#### INSTRUCTIONS TO FOLLOW:
Leave the pictures in the listing below aside and reproduce exactly the lines starting with the one with "Усиленная рама покрыта" and going on through the one with "19. Ибрахим М.Н.Г., Лисина", both ends included.

#### SOURCE MATERIAL:
* * * * * * *

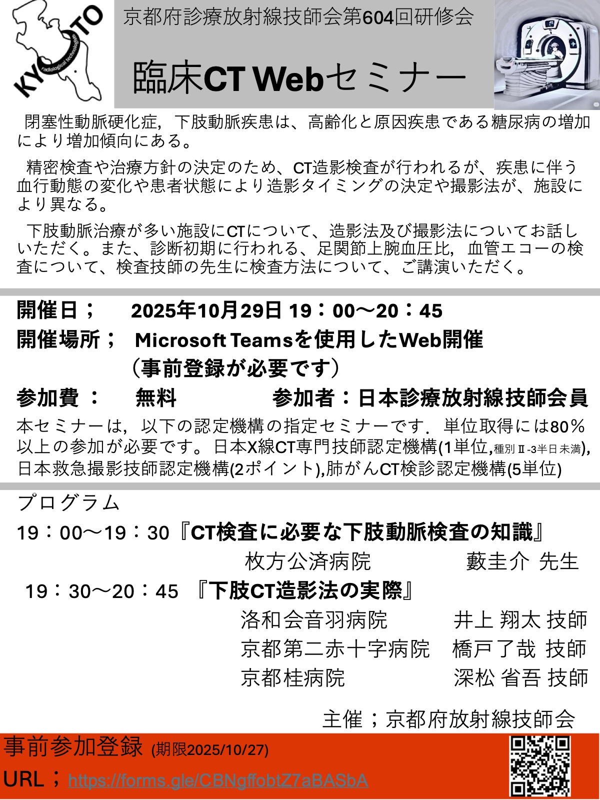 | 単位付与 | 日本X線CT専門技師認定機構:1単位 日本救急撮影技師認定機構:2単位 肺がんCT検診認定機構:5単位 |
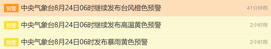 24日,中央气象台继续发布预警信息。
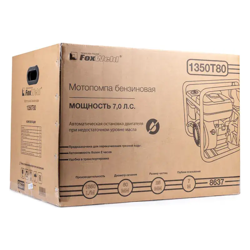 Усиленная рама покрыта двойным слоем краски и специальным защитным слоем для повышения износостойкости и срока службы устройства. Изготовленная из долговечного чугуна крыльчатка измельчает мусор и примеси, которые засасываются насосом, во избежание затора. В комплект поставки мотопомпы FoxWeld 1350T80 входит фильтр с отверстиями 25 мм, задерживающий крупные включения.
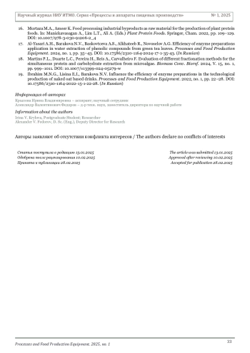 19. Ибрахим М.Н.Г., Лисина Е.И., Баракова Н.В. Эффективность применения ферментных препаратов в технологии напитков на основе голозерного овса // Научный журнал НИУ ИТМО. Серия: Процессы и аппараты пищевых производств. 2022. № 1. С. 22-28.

* * * * * * *

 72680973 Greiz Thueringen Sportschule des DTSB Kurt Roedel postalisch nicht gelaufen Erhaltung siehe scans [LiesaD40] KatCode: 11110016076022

* * * * * * *

#### TASK SOLUTION:
 Усиленная рама покрыта двойным слоем краски и специальным защитным слоем для повышения износостойкости и срока службы устройства. Изготовленная из долговечного чугуна крыльчатка измельчает мусор и примеси, которые засасываются насосом, во избежание затора. В комплект поставки мотопомпы FoxWeld 1350T80 входит фильтр с отверстиями 25 мм, задерживающий крупные включения.
 19. Ибрахим М.Н.Г., Лисина Е.И., Баракова Н.В. Эффективность применения ферментных препаратов в технологии напитков на основе голозерного овса // Научный журнал НИУ ИТМО. Серия: Процессы и аппараты пищевых производств. 2022. № 1. С. 22-28.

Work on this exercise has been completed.